### Instructions to follow
Retype the lines below exactly, but only those from the line that has "品质好货 | Safiya/索菲娅2024春季运动休闲增高户外风圆头厚底板鞋" through the line that has "Masukkan kuantiti yang". Omit every picture.

### Record extracts

^^^^^^^^

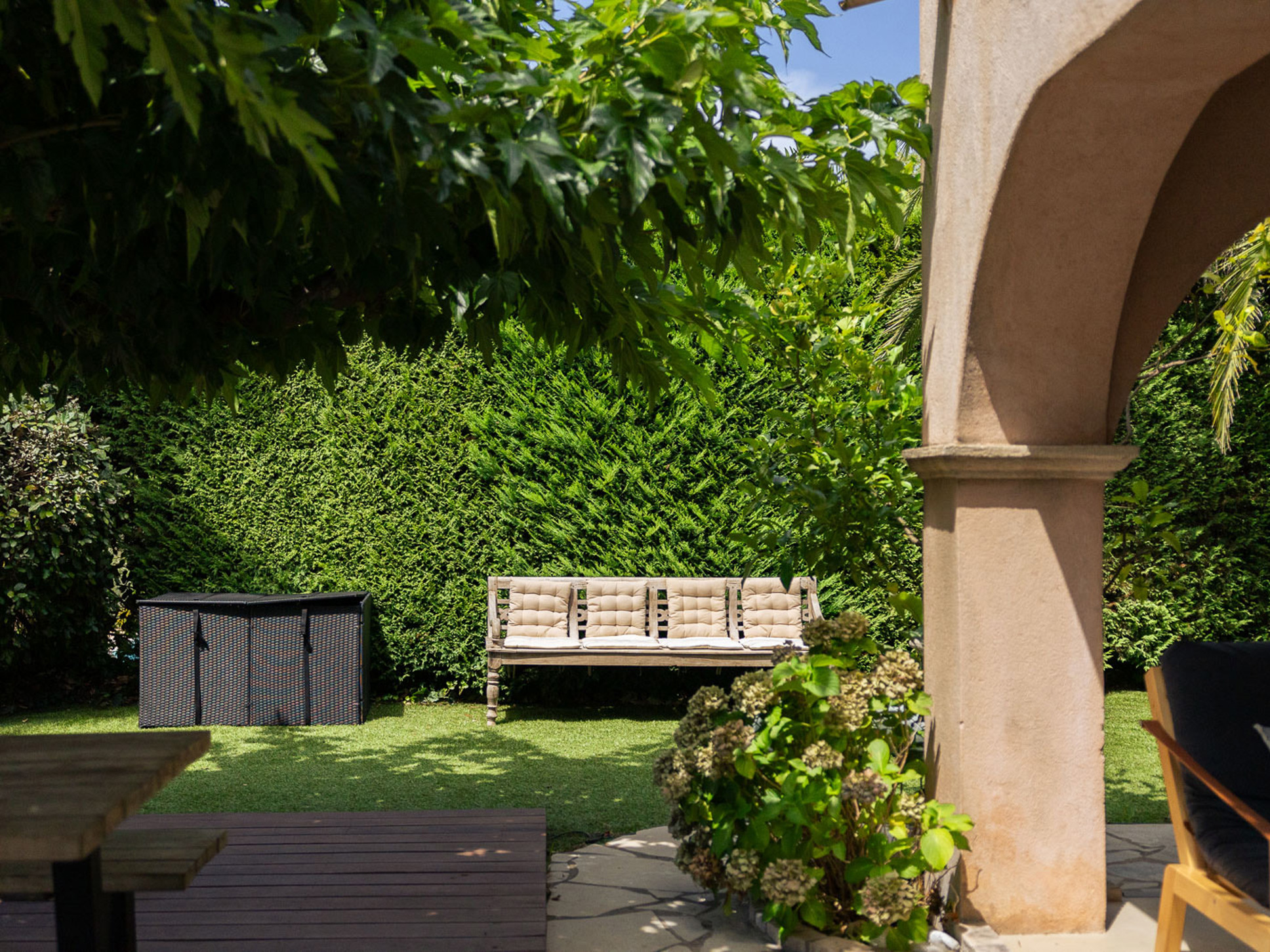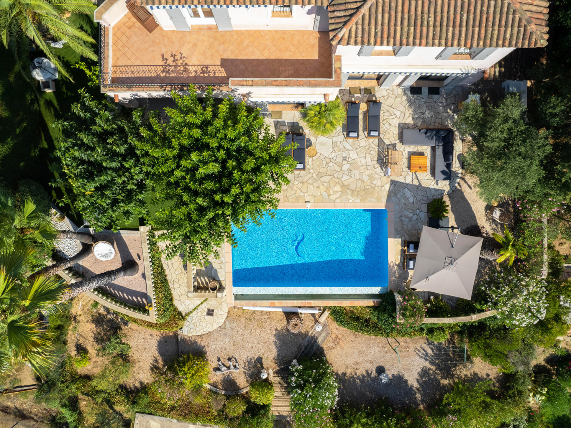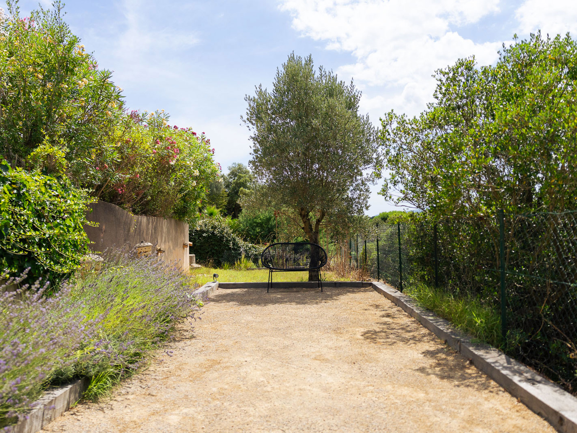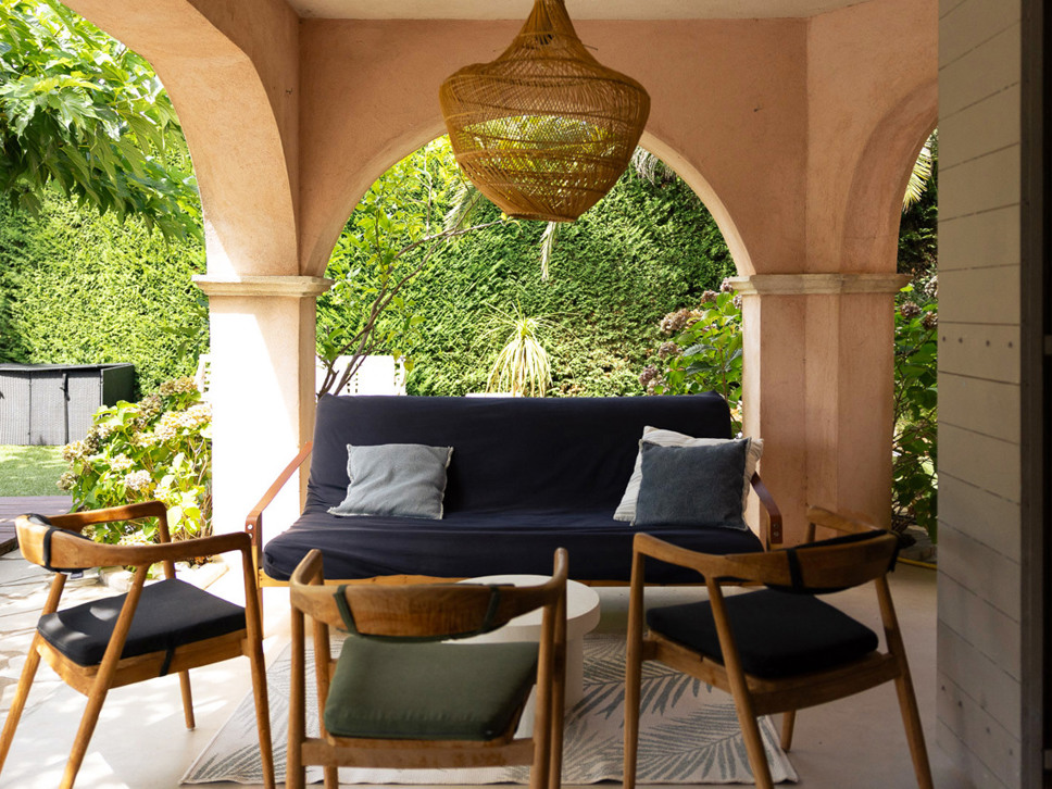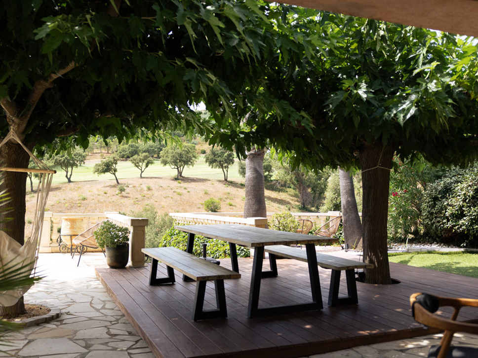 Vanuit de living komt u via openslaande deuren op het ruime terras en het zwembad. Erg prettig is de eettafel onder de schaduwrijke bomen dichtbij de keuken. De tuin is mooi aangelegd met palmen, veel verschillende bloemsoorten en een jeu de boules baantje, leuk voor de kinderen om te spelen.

^^^^^^^^

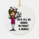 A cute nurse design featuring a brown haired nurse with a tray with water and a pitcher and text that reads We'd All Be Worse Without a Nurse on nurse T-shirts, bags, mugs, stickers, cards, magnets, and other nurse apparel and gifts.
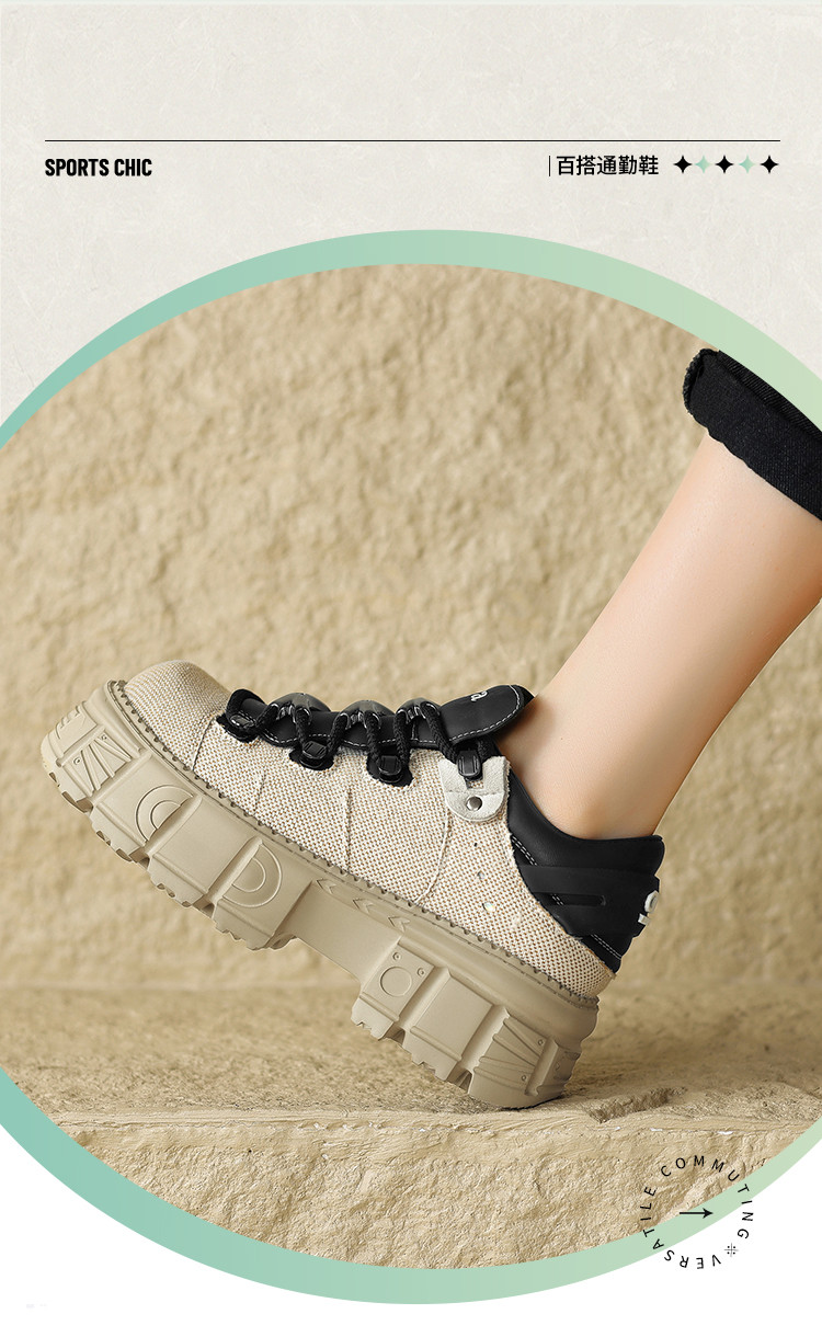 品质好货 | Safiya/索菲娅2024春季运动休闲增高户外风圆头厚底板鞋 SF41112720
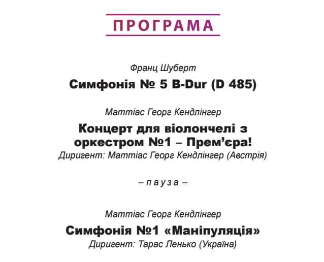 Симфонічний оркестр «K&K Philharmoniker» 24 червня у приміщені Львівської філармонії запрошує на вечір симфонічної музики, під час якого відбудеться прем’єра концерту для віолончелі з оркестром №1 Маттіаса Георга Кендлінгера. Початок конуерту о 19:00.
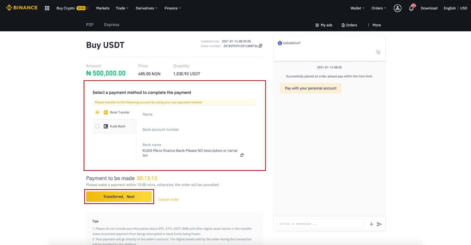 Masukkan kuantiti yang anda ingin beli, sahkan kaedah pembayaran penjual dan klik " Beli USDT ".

^^^^^^^^

### Reply to the task
 品质好货 | Safiya/索菲娅2024春季运动休闲增高户外风圆头厚底板鞋 SF41112720
 Симфонічний оркестр «K&K Philharmoniker» 24 червня у приміщені Львівської філармонії запрошує на вечір симфонічної музики, під час якого відбудеться прем’єра концерту для віолончелі з оркестром №1 Маттіаса Георга Кендлінгера. Початок конуерту о 19:00.
 Masukkan kuantiti yang anda ingin beli, sahkan kaedah pembayaran penjual dan klik " Beli USDT ".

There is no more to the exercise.